Song by Blackpink

from the album The Album
- Language: Korean; English;
- Released: October 2, 2020
- Studio: The Black Label (Seoul)
- Genre: Trap;
- Length: 3:19
- Label: YG; Interscope;
- Composers: Teddy; R.Tee; 24; Bekuh Boom;
- Lyricists: Teddy; Løren; Vince; Danny Chung;

Audio video
- "Pretty Savage" on YouTube

= Pretty Savage =

2020 song by Blackpink

"Pretty Savage" is a song recorded by South Korean girl group Blackpink from their debut Korean studio album The Album. It was released on October 2, 2020, through YG and Interscope. The track was composed by Teddy, R.Tee, 24, Bekuh Boom, with lyrics written by Teddy, Løren, Vince, and Danny Chung. Lyrically, the song deals with the group not caring about the opinion of others. The song was performed with "Lovesick Girls" on several music programs in South Korea including Show! Music Core and Inkigayo and also at The Late Late Show With James Corden as a preview performance for their headlining livestream concert, The Show.

"Pretty Savage" peaked at number 32 on the Billboard Global 200 and was a top-ten hit in Malaysia and Singapore. It also debuted in the national charts of several countries, including Australia, Canada, New Zealand, and South Korea. In the United States, the song debuted at number two on the World Digital Song Sales chart and number 21 on the Bubbling Under Hot 100 chart. The song has since been certified gold by the Australian Recording Industry Association and Recorded Music NZ.
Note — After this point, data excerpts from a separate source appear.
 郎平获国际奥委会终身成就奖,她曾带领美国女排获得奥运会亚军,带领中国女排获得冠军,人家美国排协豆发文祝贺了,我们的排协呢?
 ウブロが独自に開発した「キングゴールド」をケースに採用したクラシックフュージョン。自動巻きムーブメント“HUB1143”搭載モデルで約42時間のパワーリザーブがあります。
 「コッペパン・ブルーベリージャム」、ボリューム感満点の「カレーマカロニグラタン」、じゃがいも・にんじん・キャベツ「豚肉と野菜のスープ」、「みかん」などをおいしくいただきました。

==Background and promotion==
"Pretty Savage" was confirmed with the album's tracklist on September 28, 2020. "Pretty Savage" was performed with "Lovesick Girls" on music and variety shows with in October following the release of the album. On October 10, the group made the debut performance of the song at MBC's Show! Music Core. The next day Blackpink performed the song on Inkigayo.
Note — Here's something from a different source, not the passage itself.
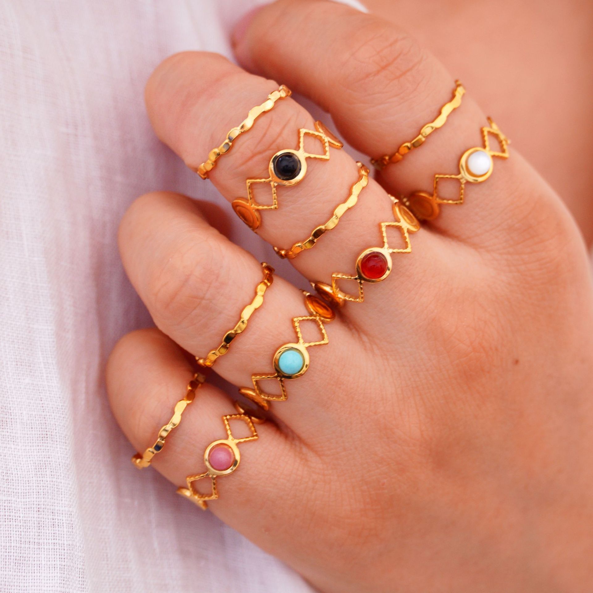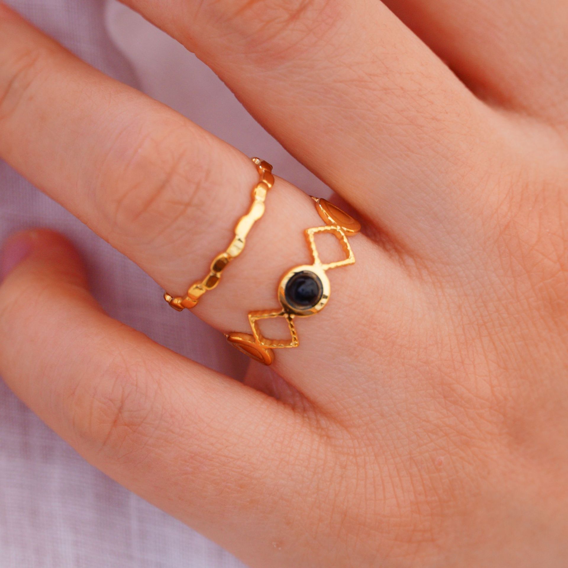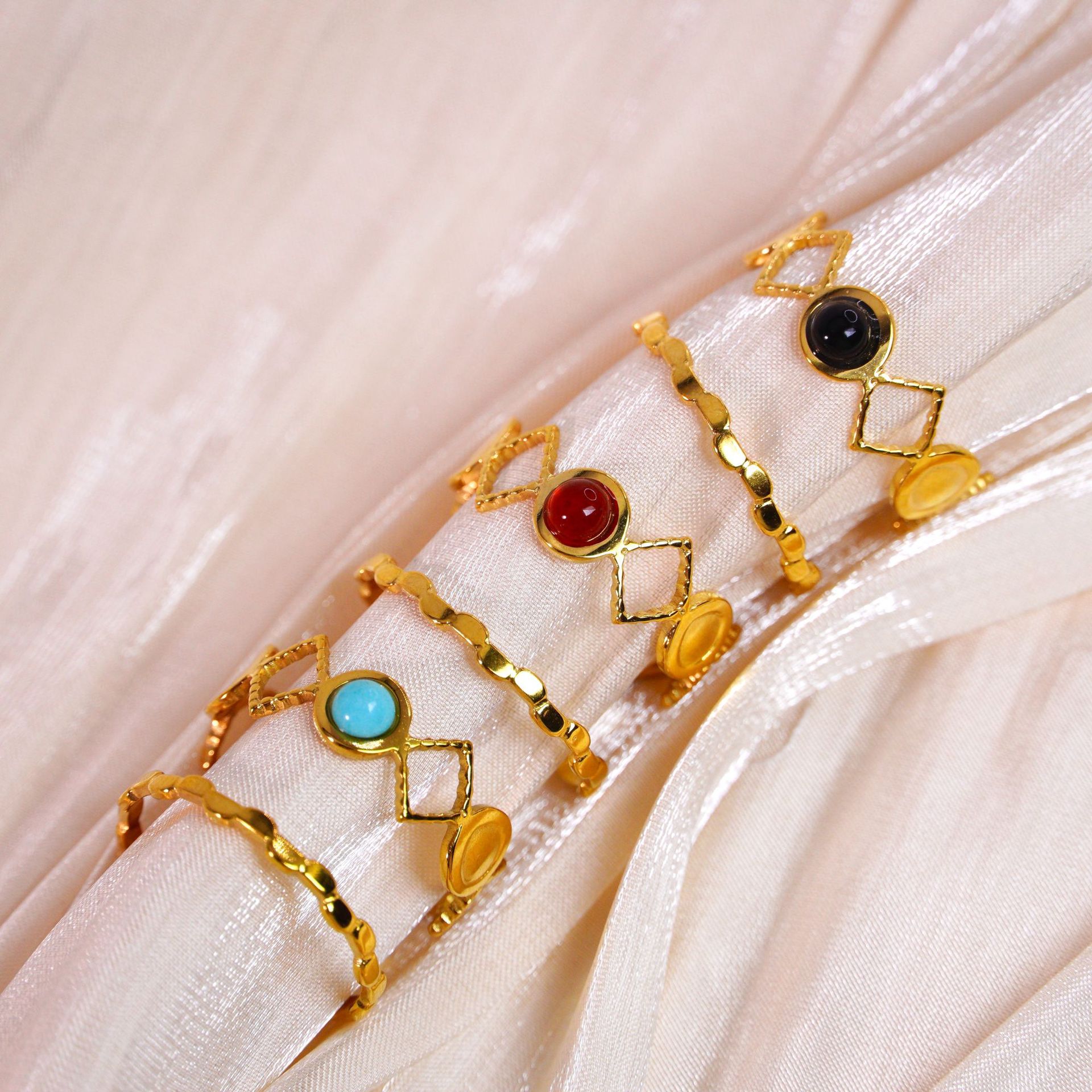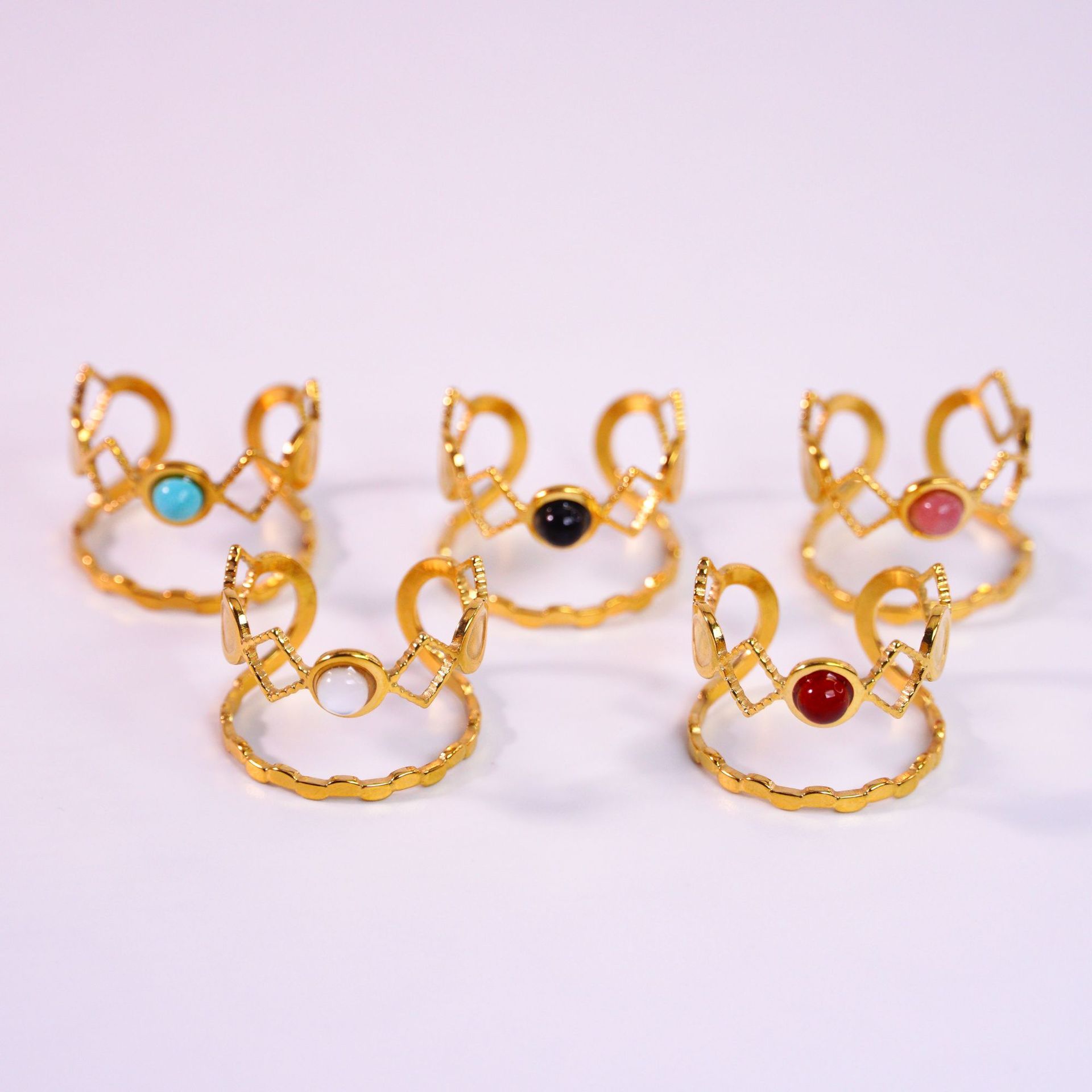 Titanium Steel Cuff Finger Ring with Gemstone gold color plated & Unisex & hollow US Ring Sold By PC

Blackpink also did an interview with James Corden on The Late Late Show With James Corden as part of the group's US promotion for their virtual concert "The Show" and then performed the track as a preview for the said concert. The Japanese version of the track was released as part of The Album -JP Ver.- which was made available on August 3, 2021.

==Composition==

"Pretty Savage" was written by Teddy, Danny Chung, Løren and Vince, with production being handled by Teddy alongside 24, R. Tee and Bekuh Boom. The song runs for a duration of three minutes and nineteen seconds. "Pretty Savage" is a trap song with "haunted vocals and a skittish, staccato-style beat", those lyrics are a "collective middle finger to the haters". The song is about how the group's success comes by being different from everyone else.

==Critical reception==
The song was met with generally positive reviews from critics. Writing for Billboard, Jason Lipshutz ranked "Pretty Savage" as the best song on the album, calling it "hypnotic during its ferocious high points" and one of the best Blackpink songs. Callie Ahlgrim from Insider called "Pretty Savage" a "straight shot of adrenaline" and noted that the lyrics "Yeah, we some bitches you can't manage" are an "ace-in-the-hole". Writing for Rolling Stone, Tim Chan labelled it as the "sassiest kiss-off track since" Ariana Grande's "Thank U, Next". In a more negative review, Mikael Wood for the Los Angeles Times described the song, alongside "How You Like That", as "two vaguely phrased declarations of fierce self-determination".

==Usage in media==
"Pretty Savage" was featured in the 2021 Netflix film To All the Boys: Always and Forever. South Korean boy band iKon performed a remake of the song entitled "Classy Savage" with a guest appearance by Lisa in the 2021 Mnet competition show Kingdom: Legendary War. "Pretty Savage" is featured in the soundtrack of the 2021 Brazilian telenovela Quanto Mais Vida, Melhor!, which was broadcast beginning in November 2021.

== Credits and personnel ==
Credits adapted from the liner notes of The Album and The Album – JP Ver.

Recording
- Recorded at The Black Label Studio (Seoul)
- Mixed at The Lab (Los Angeles) and MixStar Studios (Virginia Beach, Virginia)
- Mastered at Sterling Sound (New York City)

Personnel

- Blackpink – vocals
- Teddy – lyricist, composer, arranger
- Løren – lyricist
- Vince – lyricist
- Danny Chung – lyricist
- FanFan – lyricist (Japanese version)
- R.Tee – composer, arranger
- 24 – composer, arranger
- Yong In Choi – recording engineer
- Jason Robert – mixing engineer
- Serban Ghenea – mixing engineer
- Randy Merrill – mastering engineer

==Charts==

===Weekly charts===

Weekly chart performance for "Pretty Savage"
| Chart (2020) | Peak position |
|---|---|
| Australia (ARIA) | 71 |
| Canada Hot 100 (Billboard) | 87 |
| Global 200 (Billboard) | 32 |
| Greece International (IFPI) | 86 |
| Hong Kong (HKRIA) | 20 |
| Malaysia (RIM) | 2 |
| New Zealand Hot Singles (RMNZ) | 8 |
| Portugal (AFP) | 64 |
| Singapore (RIAS) | 3 |
| South Korea (Gaon) | 45 |
| South Korea (K-pop Hot 100) | 36 |
| US Bubbling Under Hot 100 (Billboard) | 21 |
| US World Digital Song Sales (Billboard) | 2 |

===Monthly charts===

Monthly chart performance for "Pretty Savage"
| Chart (2020) | Peak position |
|---|---|
| South Korea (Gaon) | 51 |

==Certifications==

Certifications for "Pretty Savage"
| Region | Certification | Certified units/sales |
| Australia (ARIA) | Gold | 35,000^{‡} |
| Brazil (Pro-Música Brasil) | 3× Platinum | 120,000^{‡} |
| New Zealand (RMNZ) | Gold | 15,000^{‡} |
^{‡} Sales+streaming figures based on certification alone.